New Tech to Help Prevent Hearing Loss?
Wired is reporting that Blomberg is working on an invention to help users maintain a greater control over the volume output of portable music devices. Many people have expressed a growing concern about hearing loss in recent years due to the increased use of headphones and exposure to loud music. From the article: "Les Blomberg, executive director of the Noise Pollution Clearinghouse, described hearing loss with a nice analogy: 'If you have a field of grass and you walk on it, you compress the grass and it bends down over the night, and in a few days, it springs back up and is OK again. But if you keep doing that over and over, you wear a path in it. And that's kind of what happens with hearing loss.'"
It's called a volume control - sometimes in the form of a knob, sometime a button.. This is going to revolutionize the industry!
Starsucks
Um, OK... let's now apply your half-assed knowledge:
a) modern pop music already massively overcompressed due to the studio trend of squeezing something into every frequency range (there is very little dynamic range in modern music)
b) the problem is due to compensating for high ambient dB by increasing the player's volume
b) compressing 120 dB of your favorite pop music is still 120 dB of volume because if you compress it so that there are no "dangerous" peaks, you have a DC signal. duuuhhhhh.
https://www.accountkiller.com/removal-requested
Most people who listen to loud music do so with full knowledge that listening to music so loud might be bad for their hearing. And they choose to do so anyway. Some sort of device or software that "makes users aware of unsafe volumes" will not do much to stop them from listening at that volume. It's not like most people don't already know. The EU already tried to force iPods to limit their volumes, and European consumers went out of their way to circumvent those restrictions. What's this new invention going to do to try to stop me?
For the most part, the reason people crank their music up so loud is to drown out ambient noise. Standard buds are *horrible* for sound isolation. Not only do they allow plenty of ambient noise in, but they waste energy leaking sound out, which also has the effect of annoying the people around you.
The solution? Either get a good set of cans, or buy canalphones. Personally, I picked up a set of Shure E2C's. Expensive? Yes. But the sound isolation is *amazing*. I can drive these phones at easily half the power of my old buds and still be able to hear my music perfectly while dropping ambient noise at least 10-15 db. As an added side effect, they have excellent sound quality, particularly at their price point. They're worth every penny, IMHO. And for things like long road trips or flights, they're a life saver.
People that listen to anything remotely acoustic hate compressors. Compressors are great for normalizing a recording so that it's more uniformly loud on playback ("ready-for-radio"), but they suck for maintaining fidelity. It doesn't matter quite as much with britney spears (or whatever the neo-grunge band of the day is) as it does with something more dynamic (songs with strong vocals and light accompaniment, acoustic instrumentals, etc), because the overall level of the song doesn't change much, and you don't notice losing detail.
Just my $0.02
"Murphy was an optimist" - O'Toole's commentary on Murphy's Law
First of all, there's a big difference betweem audio output power and Sound Pressure Level.

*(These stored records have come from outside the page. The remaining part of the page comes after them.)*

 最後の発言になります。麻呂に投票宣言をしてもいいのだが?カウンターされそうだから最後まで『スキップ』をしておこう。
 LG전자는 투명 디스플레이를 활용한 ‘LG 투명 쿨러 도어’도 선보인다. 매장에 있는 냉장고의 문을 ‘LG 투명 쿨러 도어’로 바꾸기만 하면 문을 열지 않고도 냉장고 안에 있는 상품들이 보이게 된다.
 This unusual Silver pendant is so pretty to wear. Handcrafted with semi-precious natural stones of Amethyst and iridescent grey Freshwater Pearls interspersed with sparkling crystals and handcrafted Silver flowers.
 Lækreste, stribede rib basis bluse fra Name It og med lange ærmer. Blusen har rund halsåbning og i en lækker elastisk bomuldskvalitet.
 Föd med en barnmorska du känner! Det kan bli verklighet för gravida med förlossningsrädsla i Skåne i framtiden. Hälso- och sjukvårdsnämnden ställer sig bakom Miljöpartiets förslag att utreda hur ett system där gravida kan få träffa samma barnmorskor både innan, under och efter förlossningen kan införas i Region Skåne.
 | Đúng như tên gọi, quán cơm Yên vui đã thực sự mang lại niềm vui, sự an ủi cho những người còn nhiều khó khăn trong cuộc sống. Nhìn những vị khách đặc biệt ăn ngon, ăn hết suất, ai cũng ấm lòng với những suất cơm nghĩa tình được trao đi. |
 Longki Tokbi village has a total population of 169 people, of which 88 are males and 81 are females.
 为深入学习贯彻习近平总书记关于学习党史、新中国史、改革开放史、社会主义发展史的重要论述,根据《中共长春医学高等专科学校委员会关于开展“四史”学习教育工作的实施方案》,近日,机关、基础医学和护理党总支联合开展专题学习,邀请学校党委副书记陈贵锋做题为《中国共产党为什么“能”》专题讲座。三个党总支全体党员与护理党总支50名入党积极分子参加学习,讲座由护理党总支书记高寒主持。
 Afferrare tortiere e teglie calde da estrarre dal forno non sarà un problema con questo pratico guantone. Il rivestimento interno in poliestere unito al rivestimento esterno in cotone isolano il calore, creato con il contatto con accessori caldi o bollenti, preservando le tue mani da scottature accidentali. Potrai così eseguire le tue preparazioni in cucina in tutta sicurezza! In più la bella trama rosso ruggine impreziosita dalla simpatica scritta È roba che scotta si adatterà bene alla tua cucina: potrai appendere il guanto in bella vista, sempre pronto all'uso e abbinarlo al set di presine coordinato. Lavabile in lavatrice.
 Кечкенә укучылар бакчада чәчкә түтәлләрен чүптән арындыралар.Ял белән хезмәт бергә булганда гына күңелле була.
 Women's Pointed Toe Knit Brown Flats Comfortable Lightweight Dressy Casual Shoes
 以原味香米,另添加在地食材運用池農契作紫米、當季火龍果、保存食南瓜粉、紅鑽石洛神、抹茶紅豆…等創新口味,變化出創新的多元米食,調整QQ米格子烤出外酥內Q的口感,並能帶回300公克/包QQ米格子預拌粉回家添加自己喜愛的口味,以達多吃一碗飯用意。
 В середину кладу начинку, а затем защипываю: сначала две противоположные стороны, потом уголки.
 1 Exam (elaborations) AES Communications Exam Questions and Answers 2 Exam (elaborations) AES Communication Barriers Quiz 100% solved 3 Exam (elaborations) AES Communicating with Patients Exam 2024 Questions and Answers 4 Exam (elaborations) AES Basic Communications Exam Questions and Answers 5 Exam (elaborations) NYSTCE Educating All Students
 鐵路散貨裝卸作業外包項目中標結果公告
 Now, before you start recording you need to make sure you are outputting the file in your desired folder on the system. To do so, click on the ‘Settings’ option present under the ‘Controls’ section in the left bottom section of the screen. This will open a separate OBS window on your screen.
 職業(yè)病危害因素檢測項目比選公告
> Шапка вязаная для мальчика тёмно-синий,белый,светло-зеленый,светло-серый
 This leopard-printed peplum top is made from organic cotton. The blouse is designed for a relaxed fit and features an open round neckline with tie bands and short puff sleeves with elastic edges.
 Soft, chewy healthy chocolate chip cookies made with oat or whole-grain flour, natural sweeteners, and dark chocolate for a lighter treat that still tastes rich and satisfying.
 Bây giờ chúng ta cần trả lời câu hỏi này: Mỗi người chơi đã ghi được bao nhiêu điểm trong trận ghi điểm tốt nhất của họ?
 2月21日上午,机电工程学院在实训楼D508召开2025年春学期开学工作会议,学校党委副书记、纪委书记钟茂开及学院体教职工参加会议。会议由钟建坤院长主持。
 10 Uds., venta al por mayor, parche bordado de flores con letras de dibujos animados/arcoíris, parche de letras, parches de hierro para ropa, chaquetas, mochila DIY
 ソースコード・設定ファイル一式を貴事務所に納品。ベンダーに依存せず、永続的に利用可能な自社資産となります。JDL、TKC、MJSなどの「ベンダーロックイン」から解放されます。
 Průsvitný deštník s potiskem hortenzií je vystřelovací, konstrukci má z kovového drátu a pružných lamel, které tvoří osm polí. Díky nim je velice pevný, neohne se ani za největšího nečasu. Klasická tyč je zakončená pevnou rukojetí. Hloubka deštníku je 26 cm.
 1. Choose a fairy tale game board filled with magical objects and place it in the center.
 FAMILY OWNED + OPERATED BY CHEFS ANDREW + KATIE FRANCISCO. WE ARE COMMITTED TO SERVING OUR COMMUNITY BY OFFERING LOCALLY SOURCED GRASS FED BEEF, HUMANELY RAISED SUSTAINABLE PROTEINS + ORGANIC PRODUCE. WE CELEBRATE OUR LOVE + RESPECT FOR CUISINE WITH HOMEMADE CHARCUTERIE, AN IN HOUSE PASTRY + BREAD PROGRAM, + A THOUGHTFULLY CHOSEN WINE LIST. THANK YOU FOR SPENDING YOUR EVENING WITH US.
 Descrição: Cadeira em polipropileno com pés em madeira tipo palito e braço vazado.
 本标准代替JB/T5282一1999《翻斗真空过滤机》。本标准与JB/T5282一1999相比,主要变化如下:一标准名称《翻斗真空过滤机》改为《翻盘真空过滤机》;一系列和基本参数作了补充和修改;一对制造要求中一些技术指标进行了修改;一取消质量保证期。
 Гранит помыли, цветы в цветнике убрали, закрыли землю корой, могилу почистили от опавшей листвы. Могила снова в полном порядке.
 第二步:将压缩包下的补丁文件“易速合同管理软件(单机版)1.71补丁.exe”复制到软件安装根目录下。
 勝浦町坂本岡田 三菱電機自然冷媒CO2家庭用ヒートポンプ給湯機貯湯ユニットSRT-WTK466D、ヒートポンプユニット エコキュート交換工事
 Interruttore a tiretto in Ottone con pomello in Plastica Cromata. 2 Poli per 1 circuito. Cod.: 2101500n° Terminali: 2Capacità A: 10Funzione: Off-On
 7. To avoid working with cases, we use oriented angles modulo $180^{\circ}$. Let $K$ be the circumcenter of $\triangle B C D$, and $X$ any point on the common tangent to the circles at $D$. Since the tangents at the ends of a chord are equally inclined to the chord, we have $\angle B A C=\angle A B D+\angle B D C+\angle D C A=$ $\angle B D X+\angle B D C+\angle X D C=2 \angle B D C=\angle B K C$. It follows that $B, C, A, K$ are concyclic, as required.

IIRC, the iPod has a max output of 120dB SPL using the standard headphones. That's the equivalent of being near a riveter, a jackhammer or putting your ear next to the grille of a car with a very loud horn. Should they be allowed to generate SPLs of 140dB (jet engine at take off power at 75 or so feet). Or 150db? How about so loud that it makes your cranial fluid seep out your ears?
Just because you can hurt yourself with a product doesn't mean the product shouldn't exist.
That's not what I said. What I said was, if the mfg has a means of preventing you from hurting yourself while using the product and the mfg fails to take those steps, the mfg opens itself up for class action lawsuits.
I'm not saying it's right, I'm not saying I agree with it. I'm saying that's what happens in today's world.
"I'd rather be a lightning rod than a seismometer." -Ken Kesey
...is that different headphones have different volumes at the same power output. One of the really cool things about the high output of the iPod is that you can hook up higher quality headphones to them and it's still powerful enough to drive them. For example, my BeyerDynamic 250-80's have 80 ohms of resistance vs. the about 40ohms for the standard iPod earbuds. I have to turn the "volume" up higher on my iPod to reach the same volume with my headphones compared to the earbuds, but it's still able to drive them, which is really cool. If you read head-fi.com, you'll find that some people actually buy portable headphone amps so they can drive their high-resistance headphones. I think it would be really cool if my iPod could tell me the decibel level that I'm playing my headphones at. But you'd need some sort of extra interface between the headphones and the player, and possibly some sort of microphone in the headphones, to be able to do that.